There’s nothing quite like microwave popcorn to turn your comfortable living room into a makeshift movie theatre. Just pop a bag into the microwave, and within minutes you have a buttery salty snack in your lap. But microwave popcorn appears to be in jeopardy as one of the many food products now targeted by the new ban on trans fat proposed by the U.S. Food and Drug Administration.
What may be unfortunate news for some popcorn-lovers — but good news for health experts hoping to curb heart disease risks — the FDA plans to ban trans fat from food products, according to a recent announcement. Microwave popcorn is one major product subject to the pending regulation, since all your favorite butter-licious brands like Pop Secret and Jolly Time manufacture their easy-to-make popcorn with trans fat. Microwave popcorn makers may have to learn how to re-develop their products without the cholesterol-building ingredient that has helped tie the taste and texture of their popcorn together.
The FDA announcement to ban trans fat isn’t the first red flag about this particular ingredient. For years, scientists and medical experts have warned about the risks of trans fatty acids, which are created industrially by adding hydrogen to liquid vegetable oils with the aim of making them more solid, and thus less oily. Trans fats are also known as partially hydrogenated oils. According to the American Heart Association, restaurants and companies use trans fats because the ingredient is inexpensive and convenient. Trans fat products last a long time, make foods tasty, and are often used to deep-fry foods. But since the health risks of trans fats have become more publicized, many food companies and restaurants have removed the use of trans fats from their products.
A Difficult Road For Popcorn Makers?
But the question on the minds of many: will our favorite popcorn snacks survive the FDA ban?

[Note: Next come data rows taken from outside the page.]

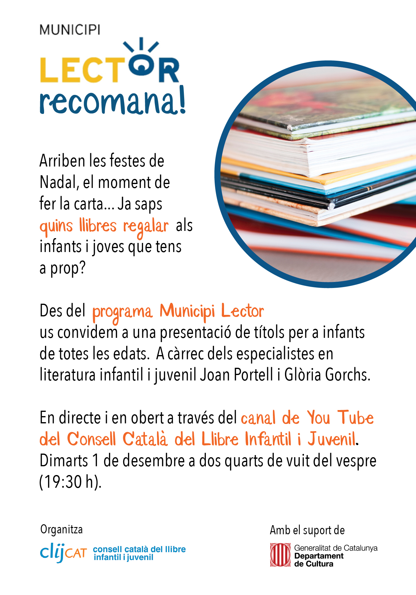 Si regaleu llibres per Nadal i voleu saber què pot interessar als infants i joves, us pot interessar de seguir les recomanacions del Consell Català del Llibre Infantil i Juvenil , a càrrec de Joan Portell i  Glòria Gorchs pel canal de Youtube del CLIJCAT. La presentació serà el dimarts 1 de desembre a les 19.30h.
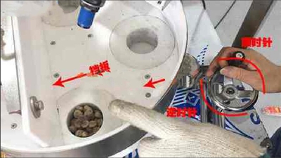 顆粒包裝機(jī)量杯計量裝置上的手柄往順時針方向扭動,扭動至物料與萬能量杯平齊,如果52g珍珠丸子低于萬能量杯,那么把量杯計量裝置上的手柄往逆時針方向扭動。調(diào)節(jié)好后,量杯計量裝置在旋轉(zhuǎn)的時候物料經(jīng)過擋板的時候,沒有卡料就證明調(diào)節(jié)好了。如下圖
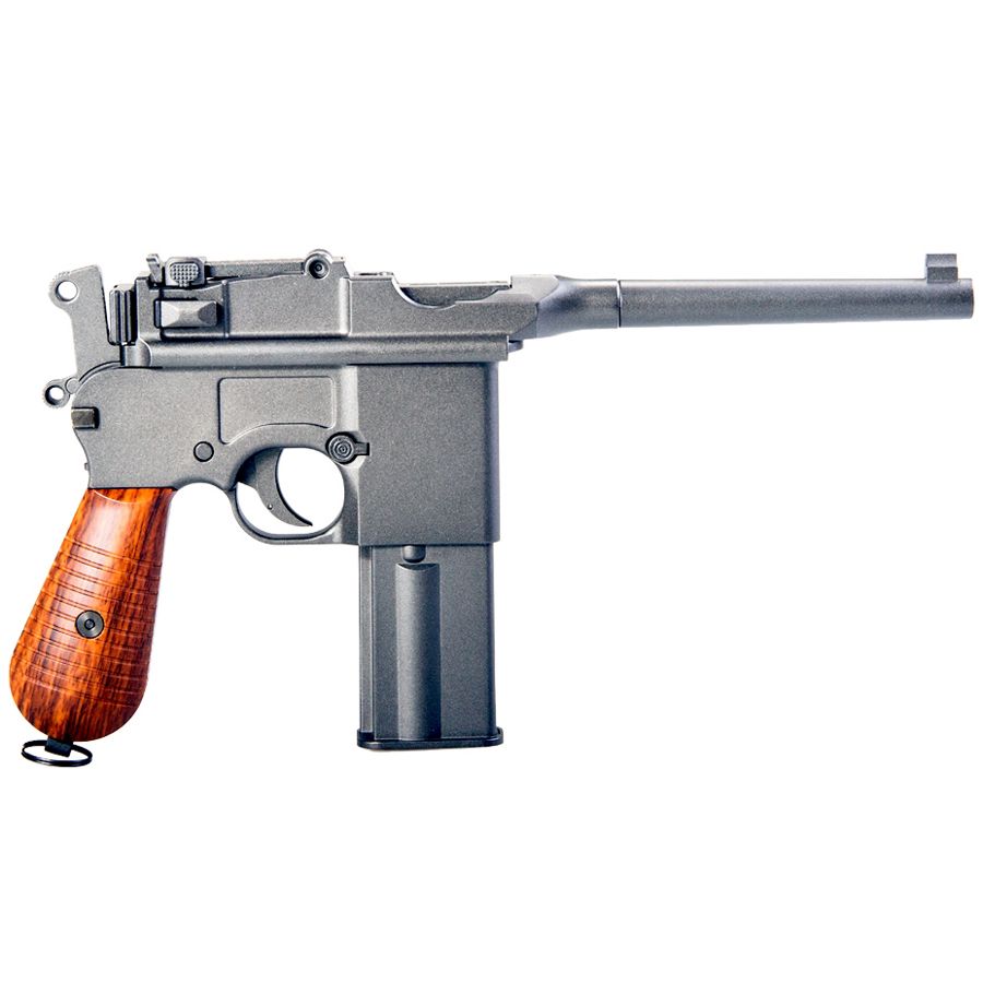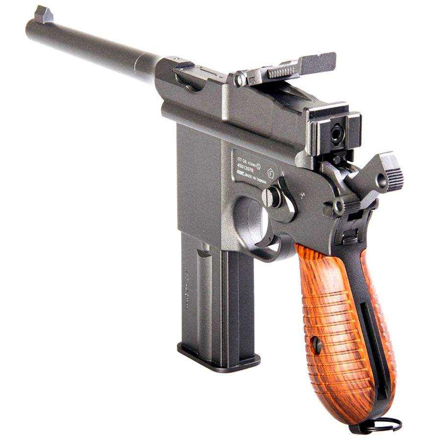 Realism: The KWC M712 BB Gun is spot on replica of the M1932/M712 Schnellfeuer with all the same working parts including the semi and full-auto selector switch. The pistol also has a full working bolt, hammer, safety, adjustable rear sight, and a full size drop out metal magazine that holds the CO2 and BBs.
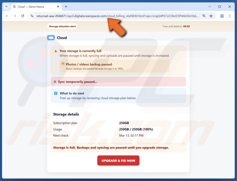 A nossa equipa analisou esta mensagem e concluiu que se trata de uma fraude disfarçada de notificação de um serviço na nuvem relativa ao armazenamento da conta. A mensagem insta os destinatários a clicarem num link incluído na mensagem. Seguir as instruções contidas no e-mail pode redirecionar os utilizadores para sites fraudulentos. Recomenda-se ignorar e eliminar este e-mail, caso o receba.
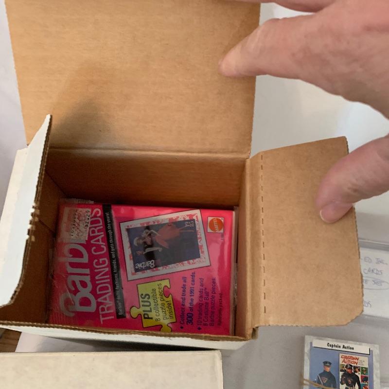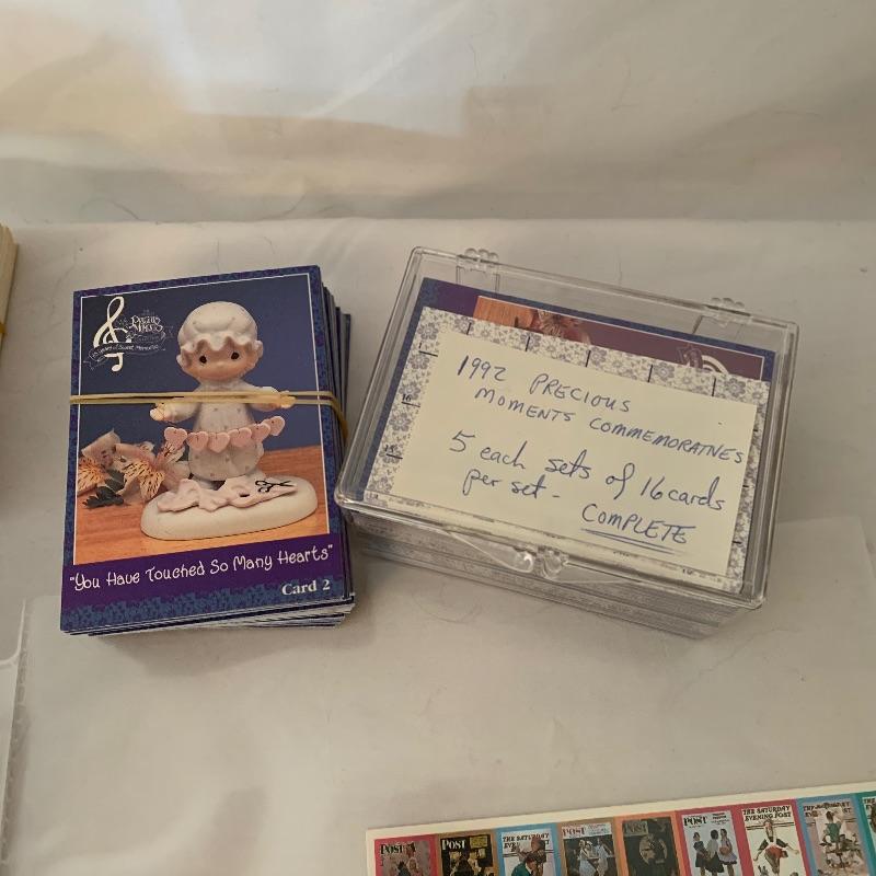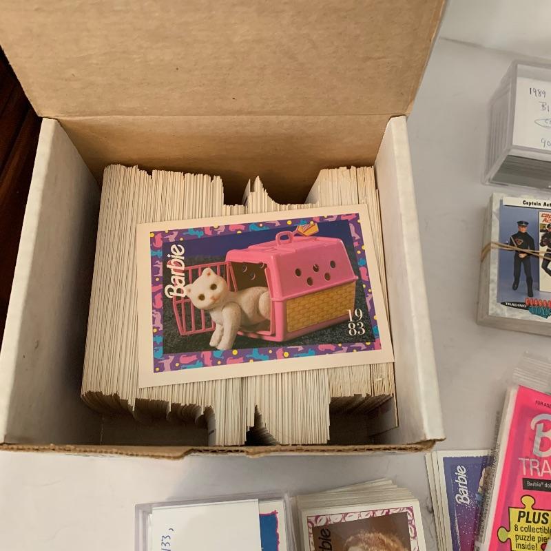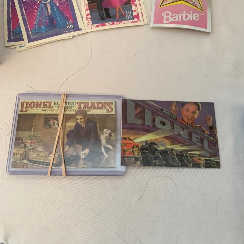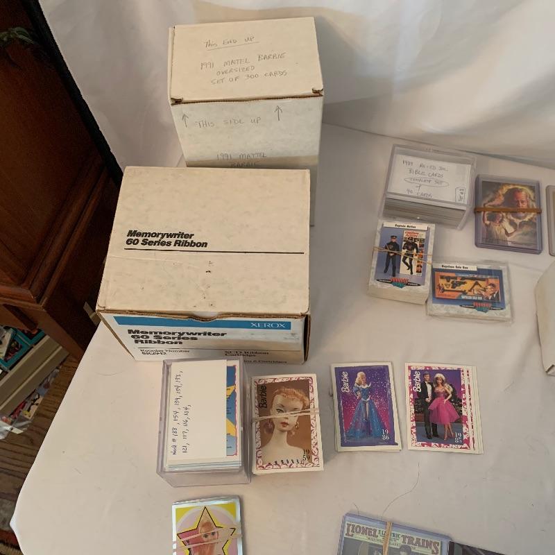 This large selection of mostly Barbie collector cards and oversized collector cards with puzzles also has fun collector cards of our favorite collectibles like Beanie Babies, Mad Magazine, Norman Rockwell, Precious Moments, Classic Toys and Craftsman. Numerous sets though unverified there are also 6 packs of Trolls cards that are unopened. Small selection of Lionel Trains and One set of Bible Cards (unverified).
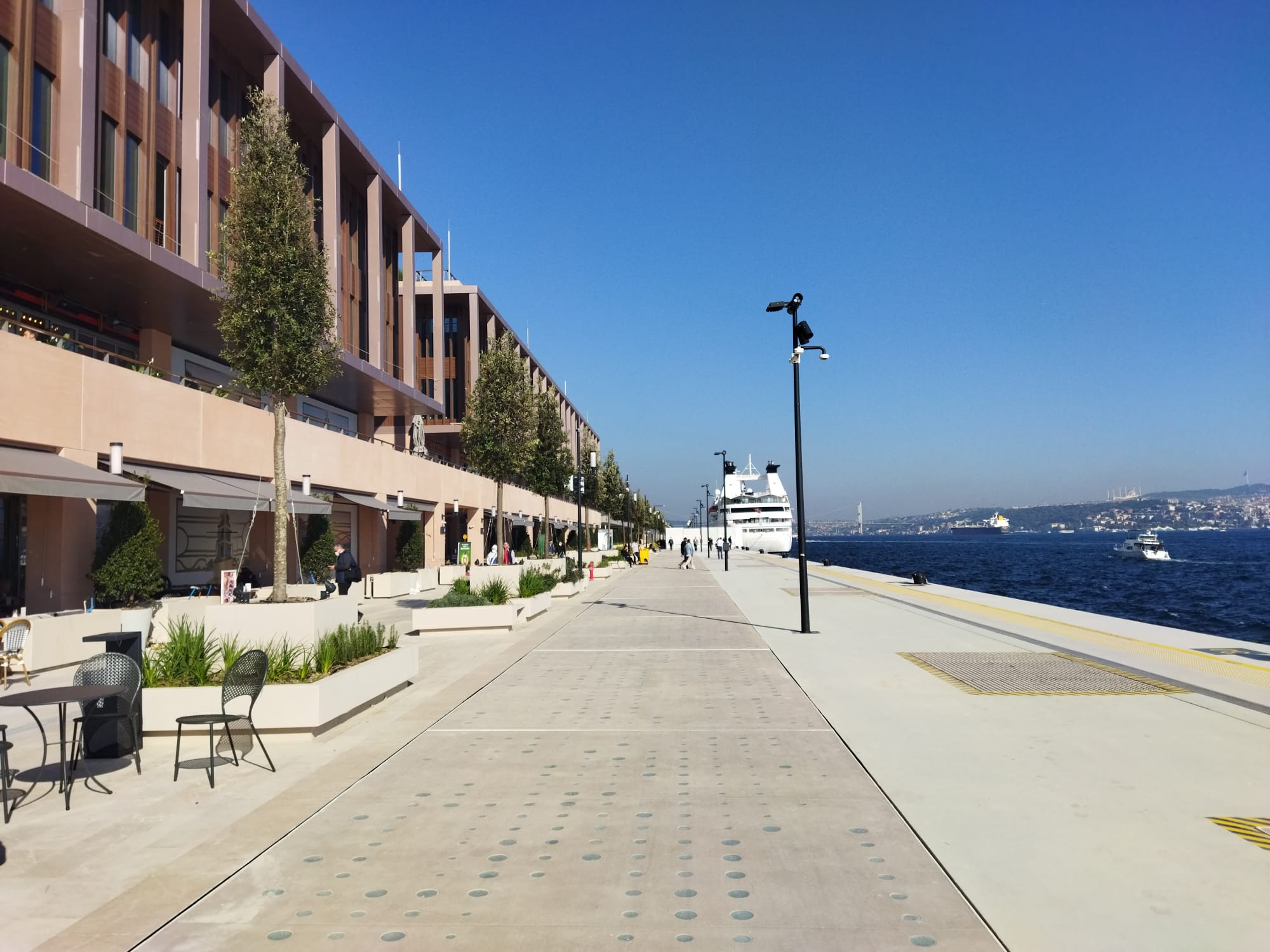 Mimari açıdan gayet güzel olan Galataport’un sahili yürüyüşe açık, sadece limana yanaşmış bir gemi varsa o geminin olduğu kısım portatif duvarla kapatılıyor. Bu ileri teknolojinin yokluğunda sahil (uluslararası liman, yani sınır kapısı gibi bir statüsü olduğundan) 200 yıldır halka kapalıydı.
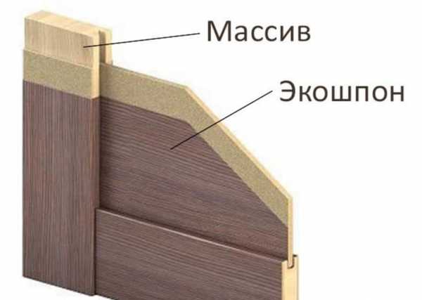 Экошпон представляет из себя пластик без примесей вредных веществ с содержанием древесных волоконШпон – это дорогое натуральное покрытие из различных пород дерева, полученное особым способом распила. Внутреннее наполнение при этом может быть из бюджетных пород дерева или ДСП.Шпонированное дверное полотно имеет привлекательный внешний вид, вполне может заменить полотно, полностью изготовленное из натурального дерева ценных пород, но оно дорогостоящее, и подходит скорее, как межкомнатная дверь, но не в ванную комнату.

For years microwave popcorn makers have used partially hydrogenated oils for their high melting point. Trans fats are able to keep solid until the popcorn bag is heated in the microwave, so a shelf-stored popcorn bag isn't dripping with liquid oil. Pop Secret still has about 4.5 and 5 grams of trans fat per serving.
It may be difficult to achieve, but it is possible for microwave popcorn makers to change their ways. Orville Redenbacher’s popcorn, for example, removed trans fat from its products a while ago. But the endeavor consisted of four years to research and develop a trans fat free oil, and then an additional two years to change the product line. “We’ve mastered it, and I’m not going to tell you how we did it,” Pamela Newell, senior director of product development at ConAgra, told Reuters. She mentioned it was an expensive process.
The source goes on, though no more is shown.